Thursday, August 6, 2009

Mother's complaint results in warrants for saloon men

This story was published by The Ypsilanti Daily Press on Thursday, August 5, 1909.

Justice George R. Gunn today issued warrants for the arrest of Frank Bowerman, proprietor of the Hawkins House bar and William Moore, proprietor of a saloon at 309 East Congress Street, (now Michigan Ave.) on the charge of selling intoxicating liquors to a person who is a habitual tippler and drunkard, and for whom notice has been served prohibiting the sale, giving or furnishing of intoxicating liquors.

The complainant is Mrs. Clara Reed of Jarvis street, who signed the complaints in behalf of her son, Embert, 23 years old, who it is alleged, purchased liquor in both resorts on the 27th of July.

Reed was arrested and arraigned before Justice Gunn in a sworn statement he is said to have implicated the two saloonkeepers or their bartenders for whom the warrants have been issued.

One of the features which has developed since the arrest of Reed and the swearing of the complaint, is the alleged reticence of Chief of Police Milo E. Gage and his subordinates to become involved in the matter.

According to a statement made by a republe lawyer today it is the duty of the police to gather such information as may be necessary to issue a complaint and then sign the complaint.

No action however has been taken of Chief Gage, why, is open to conjecture.

Several men, it is declared were in the saloons at the time that the liquor was sold to Reed, and in the statement made to the Municipal justice, the names of these men were revealed.

These men, it is said will be called in the examination which will be held in the local court room, and strenuous efforts will be made to refresh their memory concerning the time, when it is alleged, Reed purchased the liquor.

Another interesting development in the case, will be the prosecution under the personal supervision of County Prosecuting Attorney Carl Storm, who will handle the cases himself and push them to the limit in an effort to secure a conviction.

Every saloonkeeper in the city of Ypsilanti has been served with the notice forbidding the sale of liquor to Reed and the majority of them have complied with all such notices and have evinced their willingness to do so.

The alleged excuse given by the proprietors of the two bars, for whom the warrants have been issued, is that they are new men in business in this city.

Interwoven with the issuing of the warrants and what will be the subsequent arrest and prosecution of the men alleged to have sold liquor to Reed, is the story of drink tragedy that is replete with pathos, hardship and endurance of mother love.

Reed, who is but twenty three years old, several years ago developed a passion for intoxicating drink, which has caused Mrs.

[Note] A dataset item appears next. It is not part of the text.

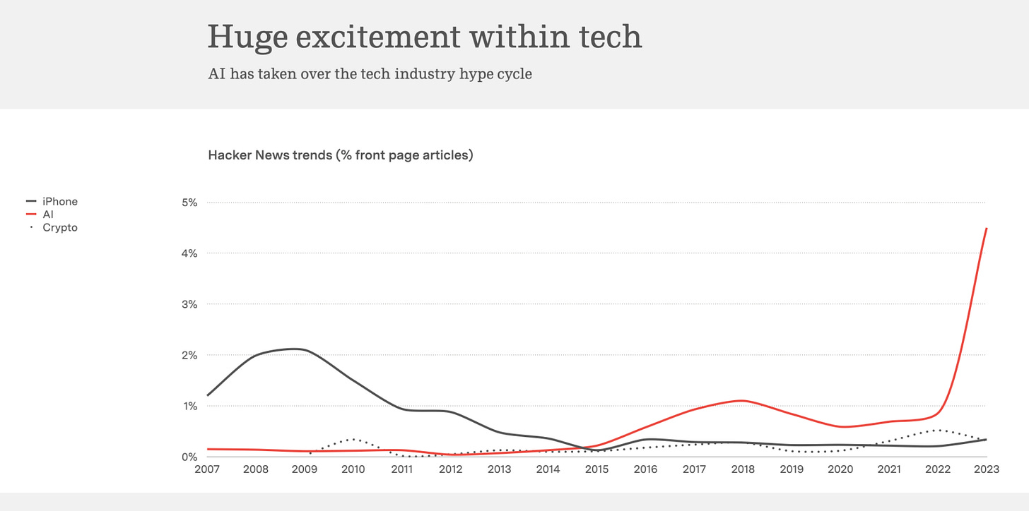 We all know that ChatGPT is OpenAI’s product and it is quite impressive at first blush — if you haven’t given it a go then it’s time to create an account and just fiddle with it and get an idea of what it’s like to “prompt”. The next slide is self-evident and obvious but why this is important (and the data-source specifically) is because the most exciting (modern) technology advancements come from the builders themselves and Hacker News is a key indicator of not just developer and engineering interest but a proxy for venture capital investment, spend, and job creation.

Clara Reed, the mother, many sleepless nights, her mind fraught with anxiety for her absent son.

In the past if has been almost a farce to attempt to convict liquor dealers of Ypsilanti for any offense they were alleged to have committed, but with the presence of Prosecutor Storm in the case it promises ill for them for whom the warrants have been issued, if a scintilla of evidence is found that will warrant the men being bound over to tcircuit court.

Although the majority of the saloon men are obeying the law in this respect, alleged offenders will be harshly prosecuted, as Mr. Storm is hoping to make an example for others to take heed of.

Frank Bowerman, of the Hawkins House bar is the nephew of Mr. Joseph Burchill, the proprietor of the hotel, and it is said that Mr. Burchill is conceded to be the owner and main stay of the baddet

These cases will undoubtly bring forth a determined effort from the saloon interests in an effort to prevent prosecution and conviction, and it is acknowledged on all hands that Prosecutor Storm will have a hard fight in the prosecution of these cases.